Theatre in Paris, France

The Théâtre de l'Atelier (/fr/) is a theatre at 1, place Charles Dullin in the 18th arrondissement of Paris, France.

==History==
The theatre opened on 23 November 1822 under the name Théâtre Montmartre. It was one of the first built by Pierre-Jacques Seveste, who held the licence to operate theatres outside the town limits of Paris, and who also built the Théâtre Montparnasse, the Théâtre des Batignolles and the Théâtre de Belleville. Peter Cicéri and Évariste Fragonard did the decoration.

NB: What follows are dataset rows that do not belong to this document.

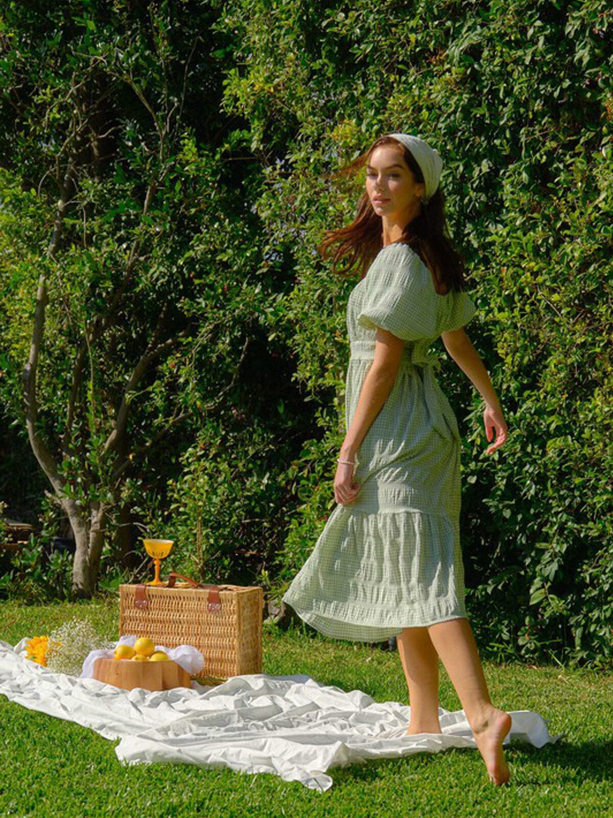 Lightweight and breathable material, puff sleeves, square neckline, tiered design, plaid pattern, midi length.
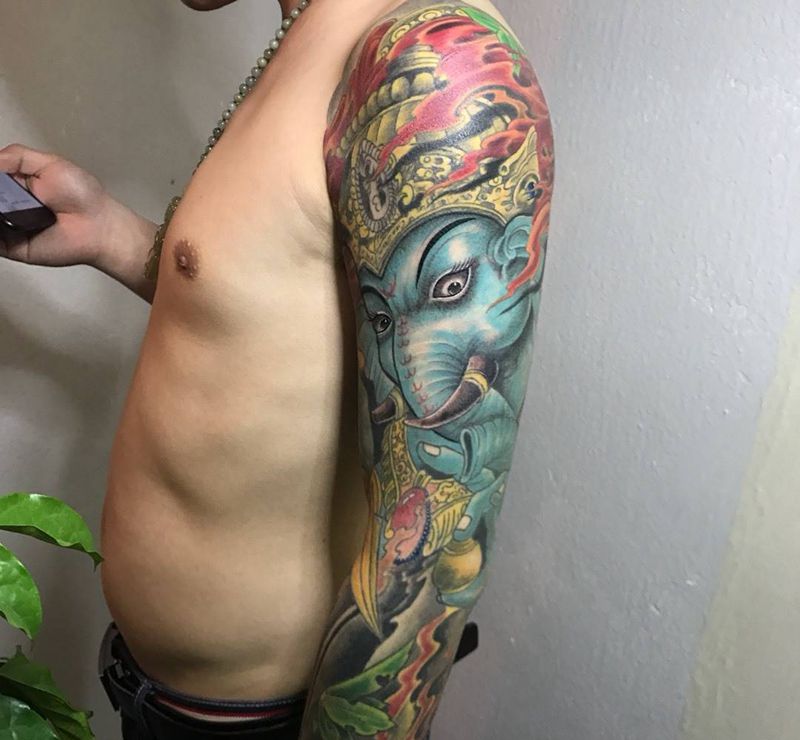 当前位置: 首页 >浙江省嘉兴市纹身店-极致刺青纹身图案>7分臂,象神纹身图片
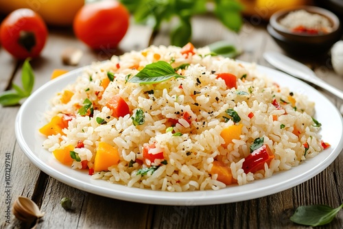 Appetizing healthy rice with vegetables in white plate on a wooden table
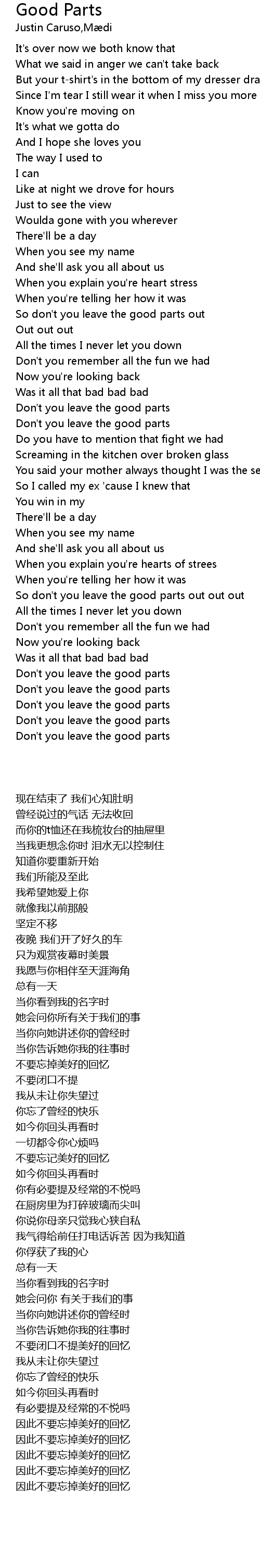 So don't you leave the good parts out |
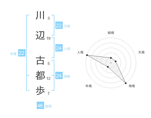 川辺 古都歩さんの総格は46画の1点
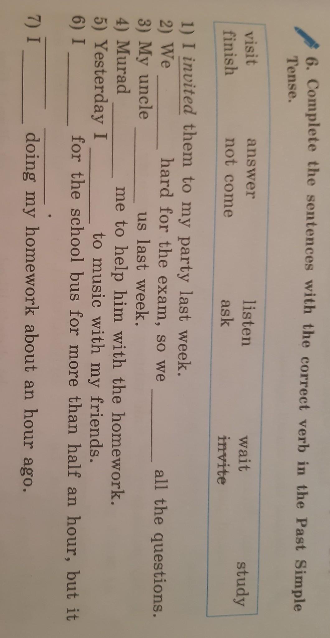 5) Yesterday I listened to music with my friends.
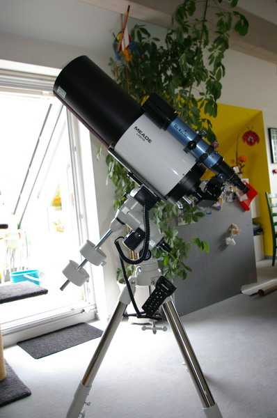 Die Hauptoptik ist das Meade LXD75 mit einem 8" SC Telekop. Die Montierung ist für meine Begriffe ausreichend steiff. Von Besitzern des Vorgängers, dem LXD 55 habe ich erfahren, dass die 55er nicht ganz so steif ausgebildet wurde.

On the death of their parents, brothers Jules Seveste and Edmond Seveste inherited the licence to operate the theatre.

From 1914 to 1922 the building comprised a cinema of 600 seats and operated under the name "Montmartre." In 1922, it returned to its original purpose, and its director and actor Charles Dullin renamed it the Théâtre de l'Atelier.

André Barsacq succeeded Dullin, and led the theatre from 1940 to 1973. He produced the works of Jean Anouilh, Marcel Ayme, Françoise Sagan, René de Obaldia, and Friedrich Dürrenmatt, among others.

From 1973 until December 1998, Pierre Franck took over, along with his wife Danielle Frank. He continued his work as director and maintained high standards in the choice of repertoire with works by Pirandello, Ionesco, Beckett, Thomas Bernhard, Strindberg, and with actors such as Michel Bouquet and Laurent Terzieff.

Laura Pels assumed the leadership in January 1999.

The current capacity is 563 seats. The theatre was classified as a historical monument on 22 March 1965.